:: MATERIAL FOR THE TASK ::

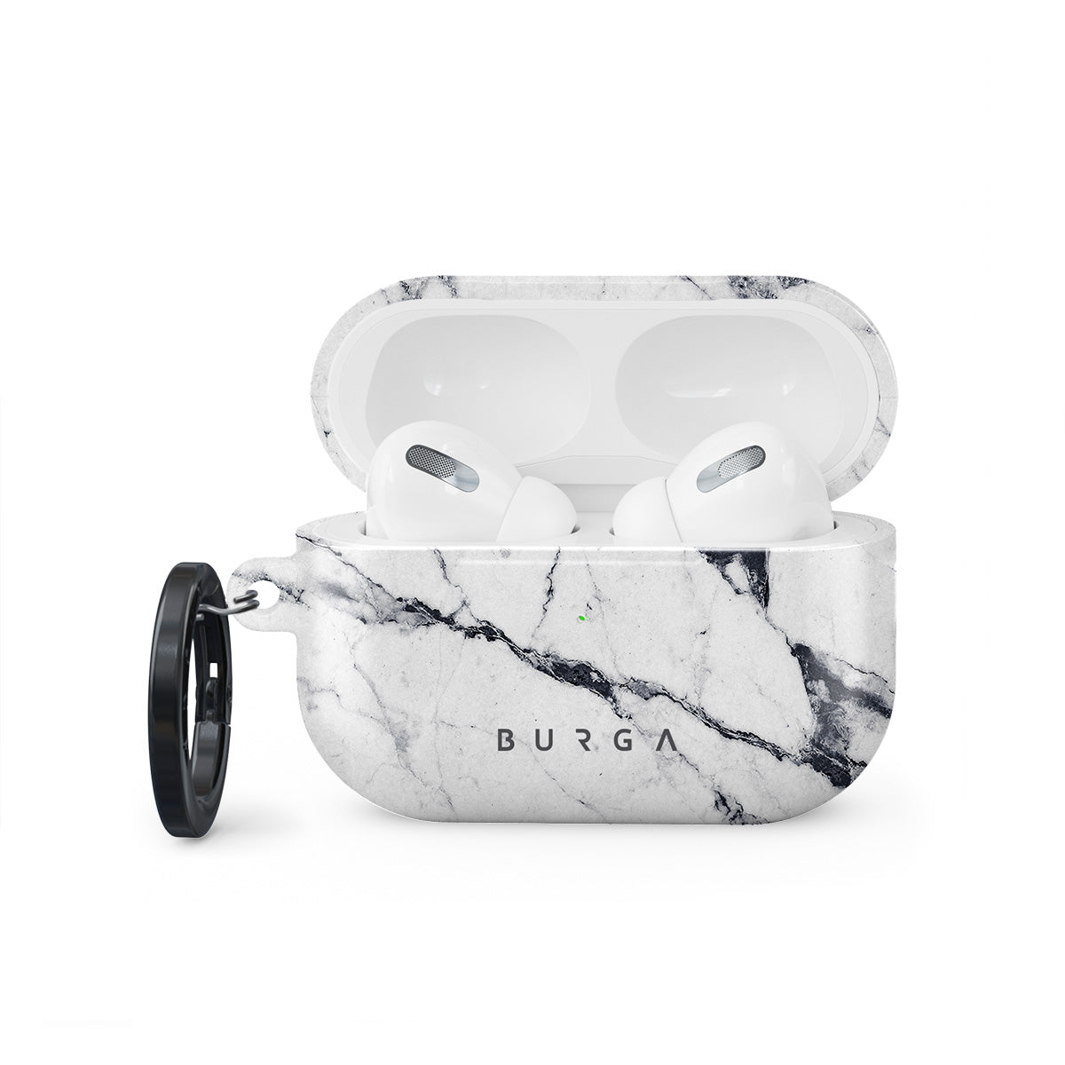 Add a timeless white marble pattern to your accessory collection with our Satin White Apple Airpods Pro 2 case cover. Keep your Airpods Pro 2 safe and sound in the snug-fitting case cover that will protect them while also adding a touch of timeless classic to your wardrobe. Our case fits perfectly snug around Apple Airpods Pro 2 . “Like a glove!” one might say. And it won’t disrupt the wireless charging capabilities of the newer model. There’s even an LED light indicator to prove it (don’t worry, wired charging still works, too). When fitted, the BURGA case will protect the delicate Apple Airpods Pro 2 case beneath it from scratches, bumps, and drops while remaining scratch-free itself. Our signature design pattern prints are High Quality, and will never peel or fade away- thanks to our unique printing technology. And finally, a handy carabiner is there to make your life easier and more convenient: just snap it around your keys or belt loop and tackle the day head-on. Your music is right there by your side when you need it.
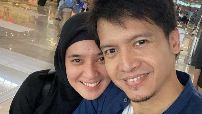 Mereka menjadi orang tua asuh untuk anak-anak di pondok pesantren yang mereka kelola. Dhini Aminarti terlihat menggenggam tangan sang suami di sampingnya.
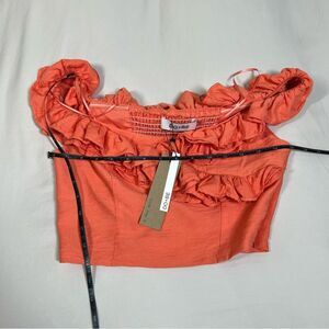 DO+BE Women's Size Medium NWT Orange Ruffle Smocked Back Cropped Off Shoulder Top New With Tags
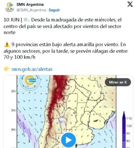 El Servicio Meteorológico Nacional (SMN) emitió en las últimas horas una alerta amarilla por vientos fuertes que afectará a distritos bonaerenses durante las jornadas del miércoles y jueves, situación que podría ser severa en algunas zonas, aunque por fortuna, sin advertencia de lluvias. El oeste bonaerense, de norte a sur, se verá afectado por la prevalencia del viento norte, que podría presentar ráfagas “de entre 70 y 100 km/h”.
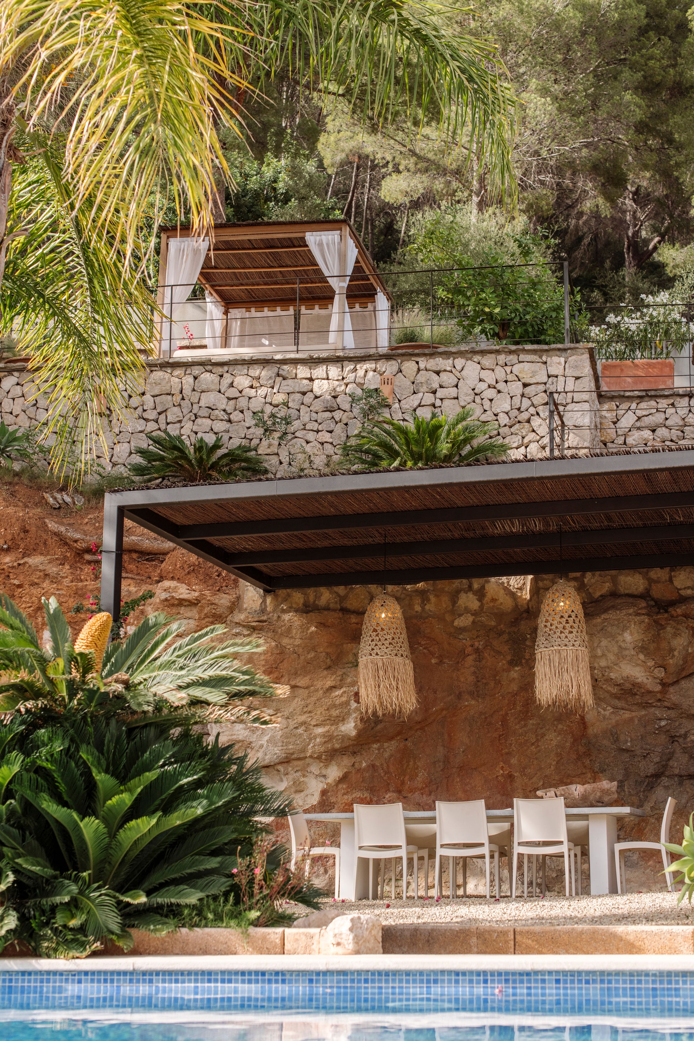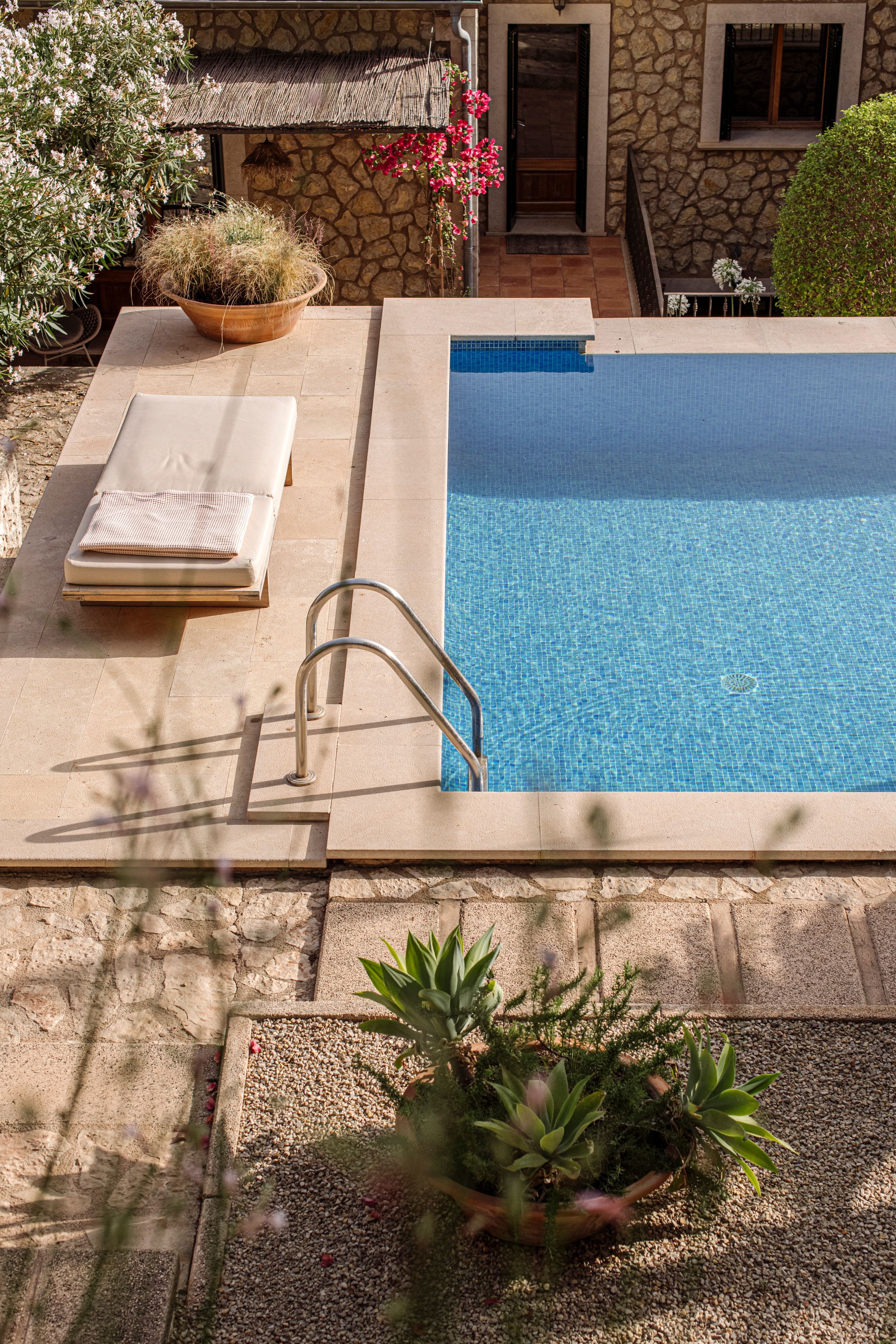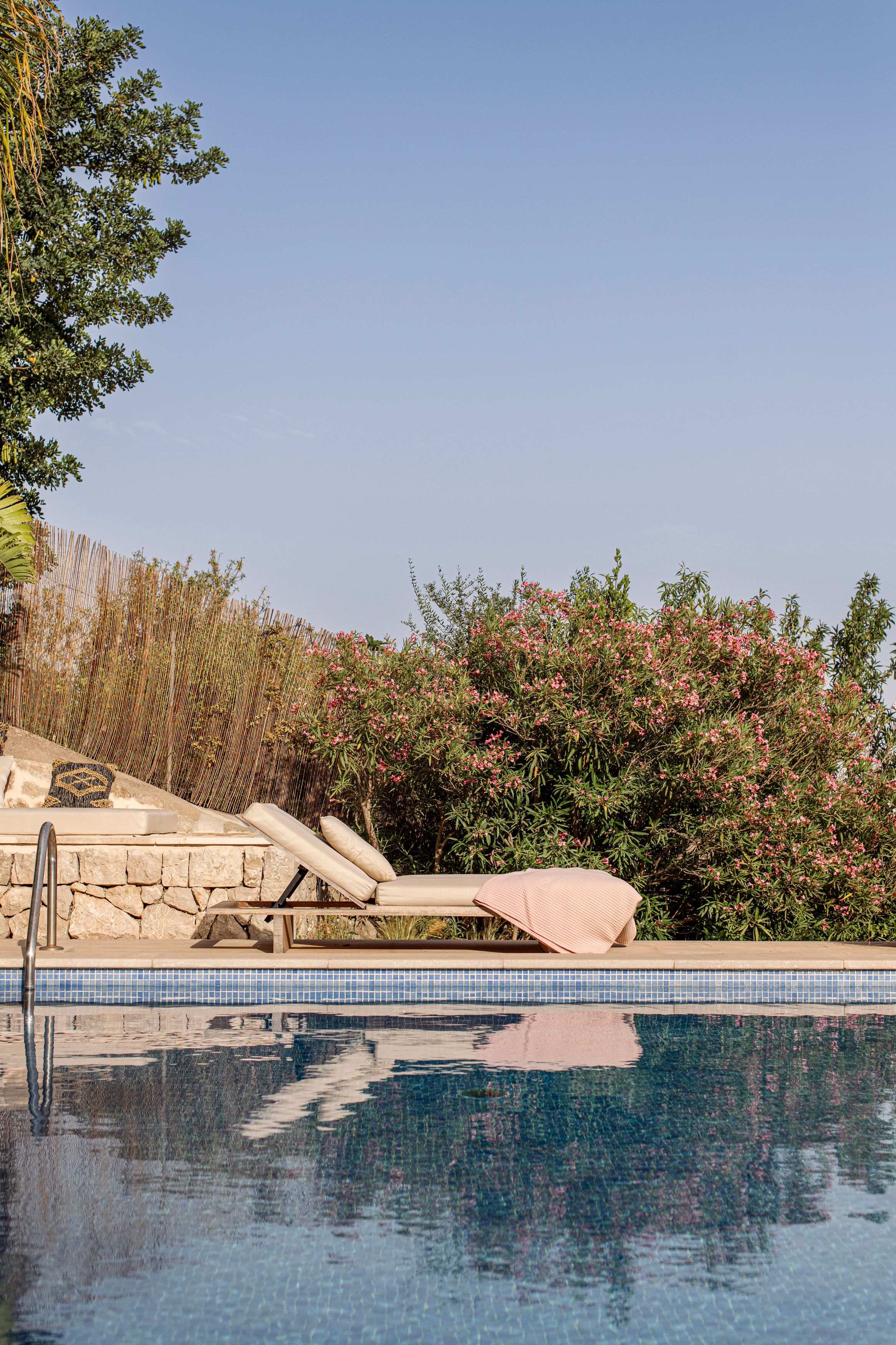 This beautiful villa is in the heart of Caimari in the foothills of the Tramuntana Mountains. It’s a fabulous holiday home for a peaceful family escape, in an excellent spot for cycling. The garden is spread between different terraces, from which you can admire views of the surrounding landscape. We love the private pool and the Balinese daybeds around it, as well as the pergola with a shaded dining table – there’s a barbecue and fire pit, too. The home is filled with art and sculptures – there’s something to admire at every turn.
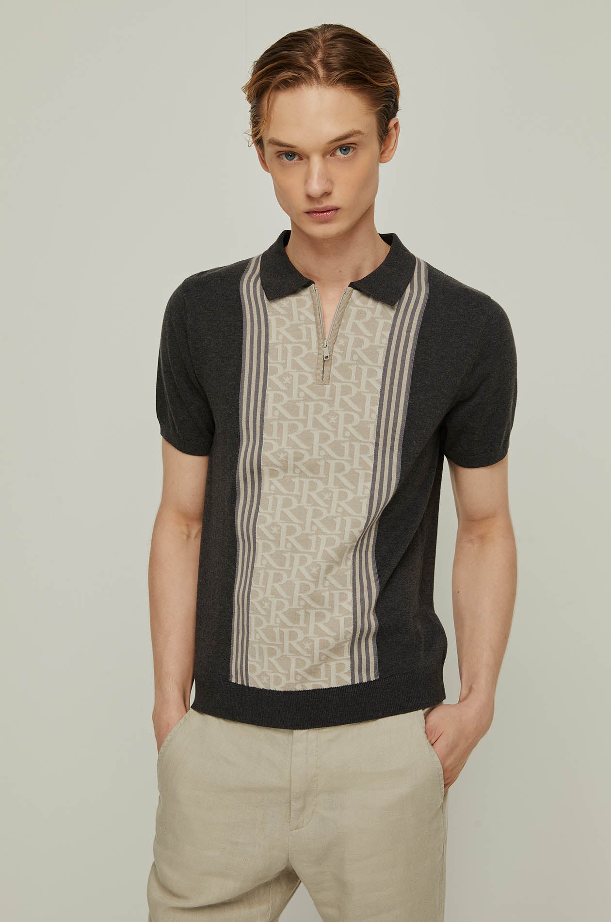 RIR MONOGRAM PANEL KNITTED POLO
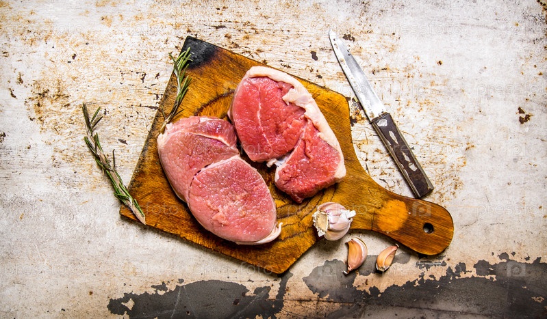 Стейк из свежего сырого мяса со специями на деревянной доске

:::

*WORK TASK*.
Copy exactly the lines from the line containing "Mereka menjadi orang" through the last line of the records above, both included, and leave out any pictures.

*RESULT*.
 Mereka menjadi orang tua asuh untuk anak-anak di pondok pesantren yang mereka kelola. Dhini Aminarti terlihat menggenggam tangan sang suami di sampingnya.
 DO+BE Women's Size Medium NWT Orange Ruffle Smocked Back Cropped Off Shoulder Top New With Tags
 El Servicio Meteorológico Nacional (SMN) emitió en las últimas horas una alerta amarilla por vientos fuertes que afectará a distritos bonaerenses durante las jornadas del miércoles y jueves, situación que podría ser severa en algunas zonas, aunque por fortuna, sin advertencia de lluvias. El oeste bonaerense, de norte a sur, se verá afectado por la prevalencia del viento norte, que podría presentar ráfagas “de entre 70 y 100 km/h”.
 This beautiful villa is in the heart of Caimari in the foothills of the Tramuntana Mountains. It’s a fabulous holiday home for a peaceful family escape, in an excellent spot for cycling. The garden is spread between different terraces, from which you can admire views of the surrounding landscape. We love the private pool and the Balinese daybeds around it, as well as the pergola with a shaded dining table – there’s a barbecue and fire pit, too. The home is filled with art and sculptures – there’s something to admire at every turn.
 RIR MONOGRAM PANEL KNITTED POLO
 Стейк из свежего сырого мяса со специями на деревянной доске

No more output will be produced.